En tal sentido, de conformidad con la Ley del Banco Central de Venezuela, toda obligación contratada en moneda extranjera, puede ser cumplida considerando a esta última como moneda de cuenta o de cálculo, con lo que el deudor no queda atado a pagar únicamente con la moneda extranjera, sino que tiene también tiene la posibilidad de hacerlo con el equivalente en bolívares (moneda de curso), calculado dicho equivalente a la tasa de cambio existente para el momento del pago. Esta modalidad ha sido denominada: “cláusula de valor moneda extranjera”.
Adicionalmente, resulta oportuno reiterar que lo anterior no obsta para que los particulares puedan pactar algunas obligaciones dinerarias en moneda extranjera, sin embargo, dicha moneda extranjera sólo cumpliría una función referencial a los fines de calcular el monto de la deuda de acuerdo a su equivalente en bolívares, según la tasa oficial vigente al momento del pago de la misma.
En conclusión, en el caso de autos, se evidencia que si bien es cierto para el momento en que se celebró el contrato de venta entre el cedente Diego Núñez Campos y la demandada MÉDICOS UNIDOS LOS JABILLOS, C.A., no estaba vigente el régimen de restricciones cambiarias, no es menos cierto que existiendo el régimen cambiario de divisas imperante en nuestro país, y que se encuentra restringido el libre tránsito de la moneda extranjera, así como de los convenios cambiarios celebrados entre la República Bolivariana de Venezuela y el Banco Central, los cuales son publicados en la Gaceta Oficial, no está prohibido que se realicen convenios en monedas extranjeras de conformidad con lo establecido en el artículo 115 de la Ley del Banco Central de Venezuela, pero el pago de esas deudas se puede hacer con el equivalente en bolívares (moneda de curso legal), calculado dicho equivalente a la tasa de cambio existente para el momento del pago.
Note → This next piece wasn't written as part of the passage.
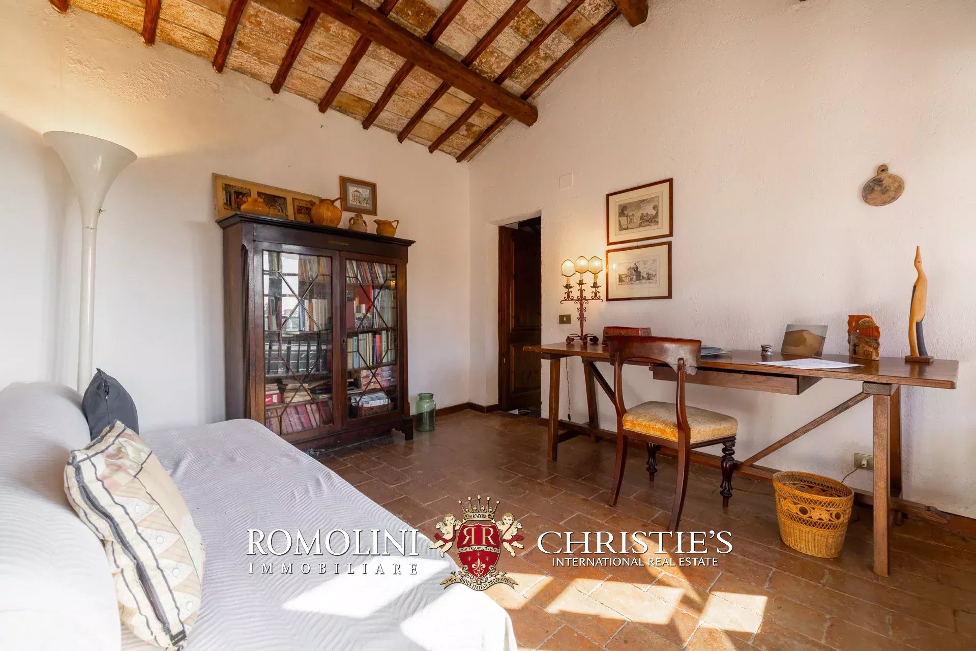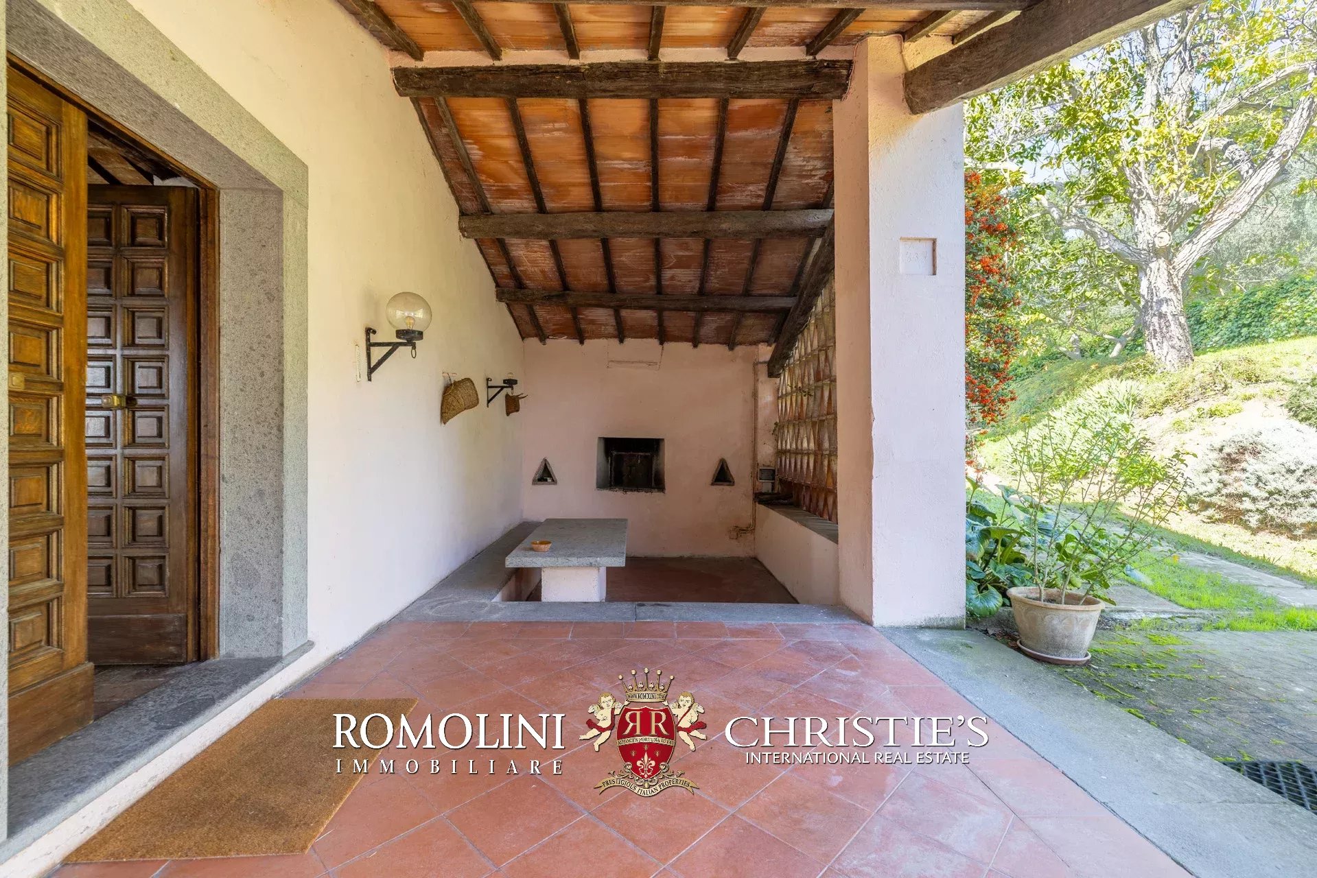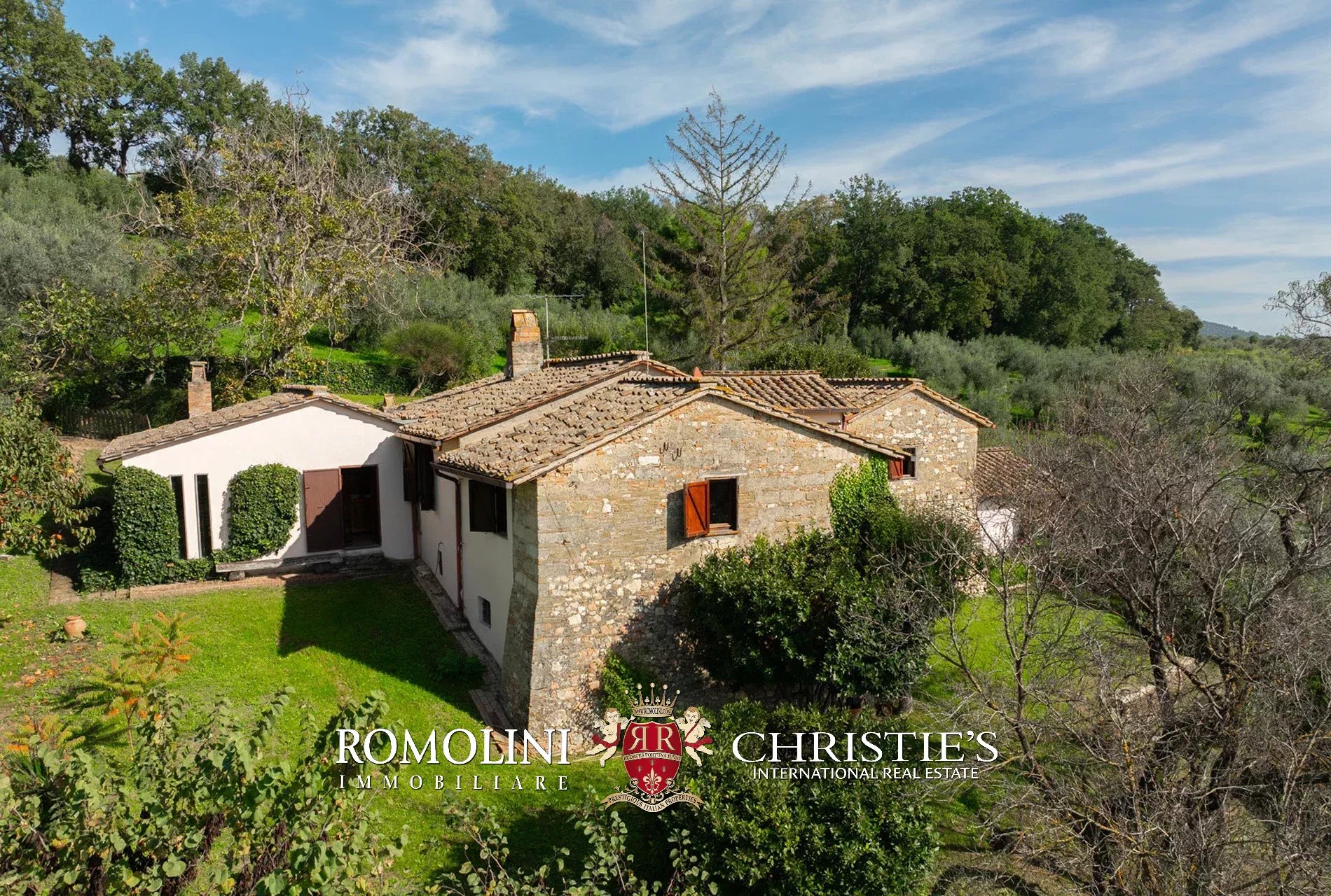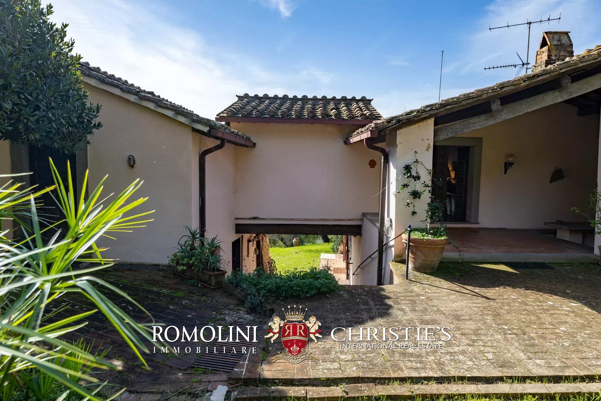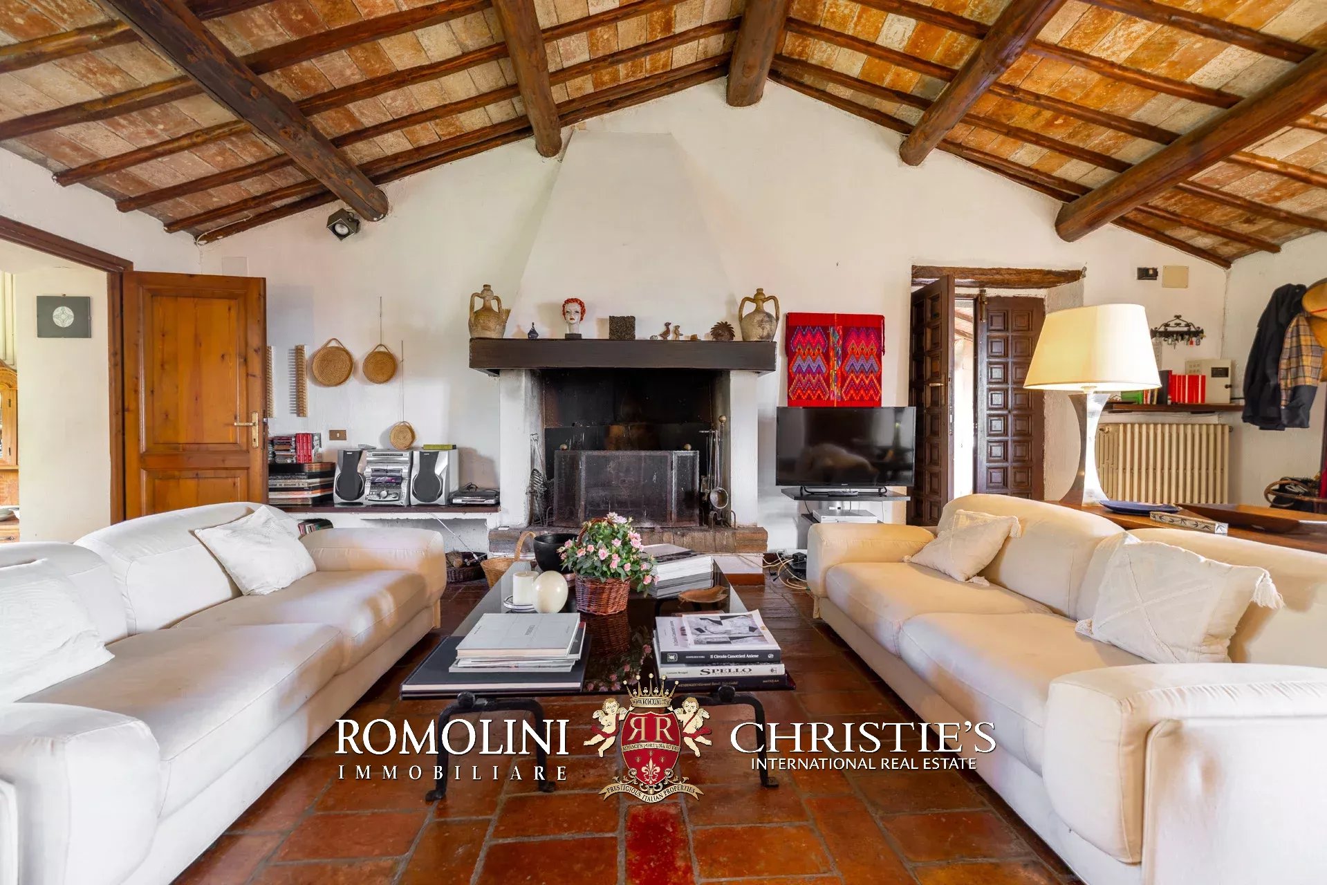 L’abitazione (266 m²), accogliente e strutturata negli anni Novanta in modo garbato nel rispetto dello stile originale, si sviluppa su due livelli ed è strutturata attorno a una torre di avvistamento del Seicento. L’ingresso avviene attraverso un ampio portico con un suggestivo tavolo in pietra peperino e un grande forno a legna, ideale per cene all’aperto. Da qui si accede a un luminoso salone con camino in pietra, caratterizzato da panorami che si aprono su due lati opposti. Adiacente al salone si trova una cucina abitabile in muratura, completa di camino, decorazioni in maiolica e spaziosi piani di lavoro.

Y así se decide.
Como consecuencia de lo anterior, en principio, no prosperaría la pretensión de la parte actora, que requiere que las cantidades de dinero que le son adeudadas le sean pagadas en dólares norteamericanos; sin embargo, por cuanto la parte demandada admite y reconoce que mantiene impagas e insolutas las 6 últimas cuotas y que no ha pagado oportunamente ninguna de las cuotas siguientes a la vencida al 7 de diciembre de 2.003 (que fue la última que pagó) por lo que admite y reconoce que los intereses deben calcularse a la tasa del 8% anual, tal como se estipuló en el contrato de venta, y admite y reconoce al ciudadano José Gregorio Medina Colombani como su acreedor, y siendo que tales circunstancias de hecho resultaron ratificadas en este proceso a través de las posiciones juradas estampadas en esta causa, esta juzgadora debe declarar procedente la pretensión principal de cumplimiento de contrato deducida en la demanda. Así se declara.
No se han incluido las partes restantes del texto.